Saí e ainda fui ao Turismo cumprimentar as amigas que tinham acabado de inaugurar a mostra de alguns quadros. Um refresco, dois dedos de conversa; possivelmente até foram mais de dois, esqueci-me de contar e dispus-me a retomar o caminho de casa, não sem antes passar pela feira do livro, que ficava em caminho. Buscava, por conta de M., “A Ronda da Noite “ da Agustina. Azar! No último momento esquecera o nome e vim para casa de mãos a abanar, ou deveria vir…

Eram quase vinte horas, estava um fim de tarde fabuloso e eu deixei-me seduzir. Parei o carro perto do Estádio, disposta a passear-me pela margem do rio antegozando já o cantarolar da água junto ao açude.

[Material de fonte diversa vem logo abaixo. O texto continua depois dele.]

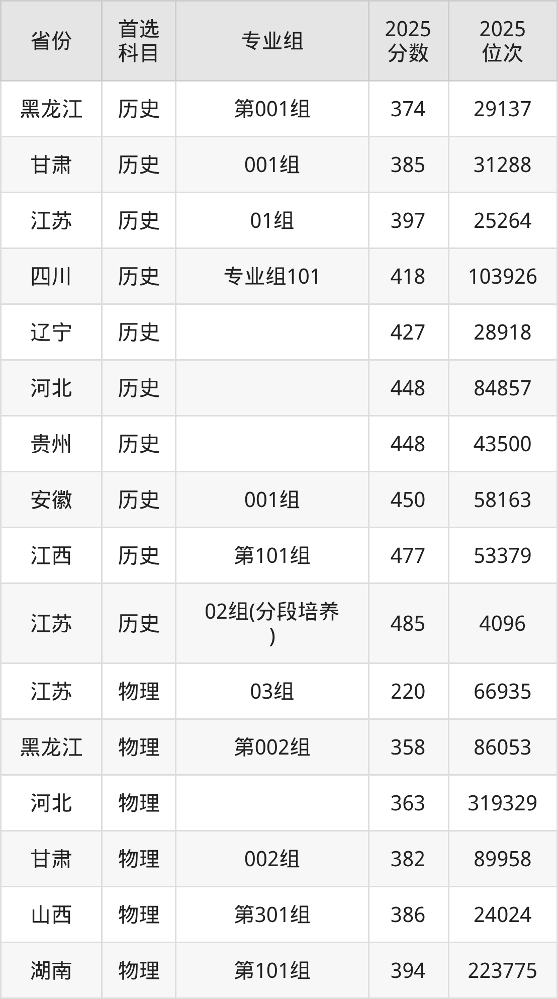历史类最低分对应地区为黑龙江(第001组),录取位次为29137,超专科线214分;最高分对应地区为江苏(02组(分段培养)),录取位次为4096,超专科线265分。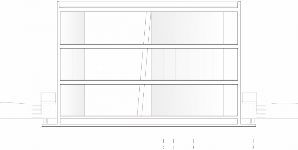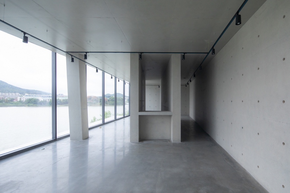 在景观层面,该区域视野开阔,缺乏视觉屏障。为呼应景观的多维性,建筑一层向水面敞开,二层体量可观察到后方步道上的人流活动,形成若即若离的对话关联,三层则提供眺望岳麓山与湖面的远眺视野。由于建筑形态狭窄,设计有意强化了这种极端的景观体验。
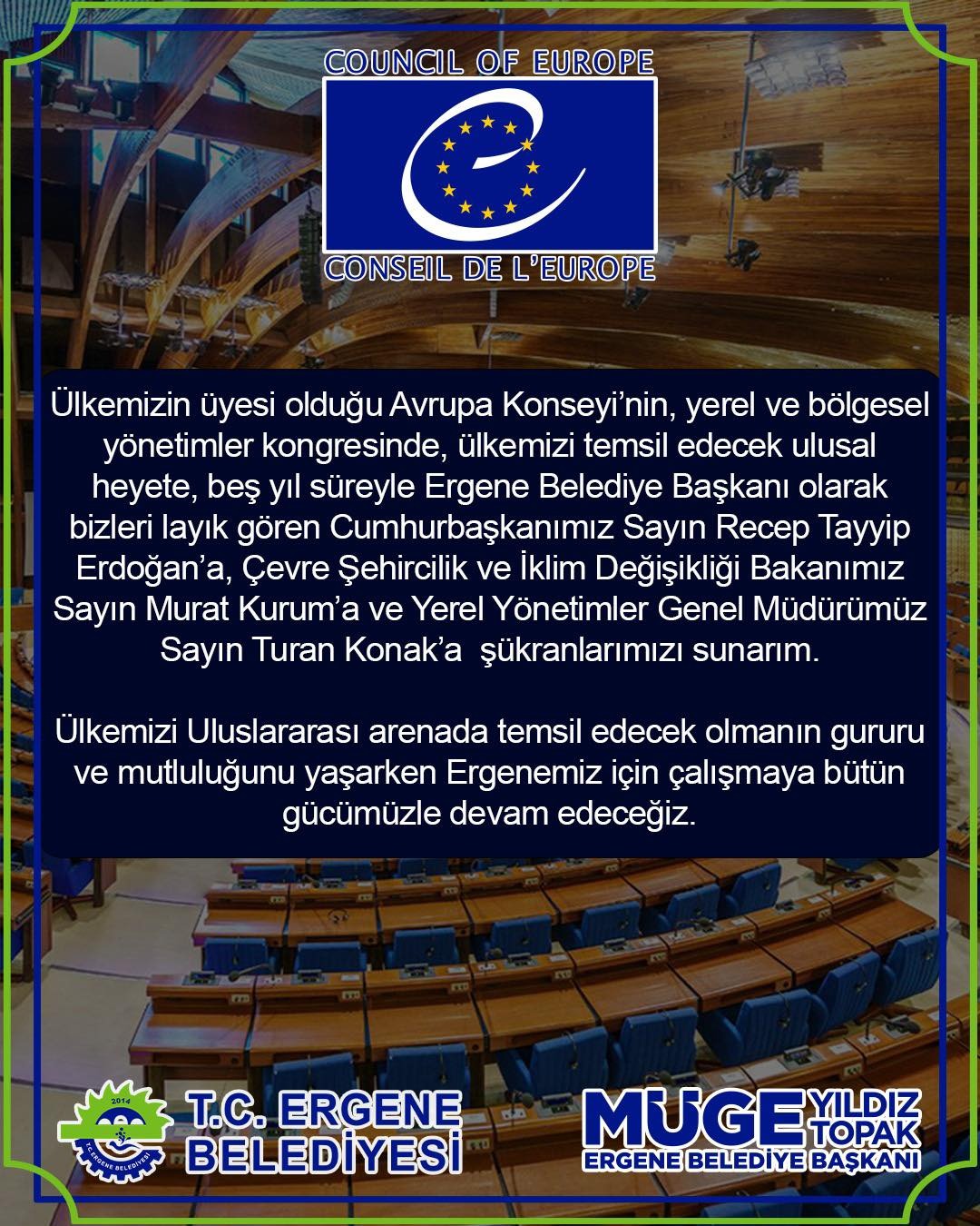 Ülkemizin üyesi olduğu Avrupa Konseyi’nde yerel yönetimlerin geleceğini şekillendiren çalışmalarda görev alacak olmanın gururunu yaşayan Başkan Müge Yıldız Topak, kendisini bu göreve layık gören Cumhurbaşkanı Sayın Recep Tayyip Erdoğan’a, Çevre, Şehircilik ve İklim Değişikliği Bakanı Sayın Murat Kurum’a ve Yerel Yönetimler Genel Müdürü Sayın Turan Konak’a teşekkürlerini iletti. Başkan Müge Yıldız Topak yaptığı açıklamada, bu görevin kendisi için büyük bir onur olduğunu vurgulayarak,

Afinal a quietude era total. As comportas estavam fechadas e o caudal ia alto. Os patos mergulhando aqui e ali ofereciam aos meus ouvidos o único som cristalino que se justapunha a um ou outro motor de carro e eu ia seguindo inebriando-me de verde, de brilho da água e de luz, na calma deste fim de tarde.

Viu a L. e dei uma corrida, e lá fomos tecendo mais uns minutos de velha amizade. Ela ficou perto de casa e eu voltei. Olhos cheios, alma mimada, no silêncio da tarde.

Um dia hei-de morrer. Pensei cheia de pena. E os cambiantes de verde continuarão a repetir-se em cada ano, salpicados de arco-íris. Que saudades terei do rio Lis!

quarta-feira, 1 de junho de 2011

DIA MUNDIAL DA CRIANÇA

Já não tenho olhos de "mata-borrão", já não há avidez no meu olhar, mas sobra da criança que fui o mesmo encantamento pela vida.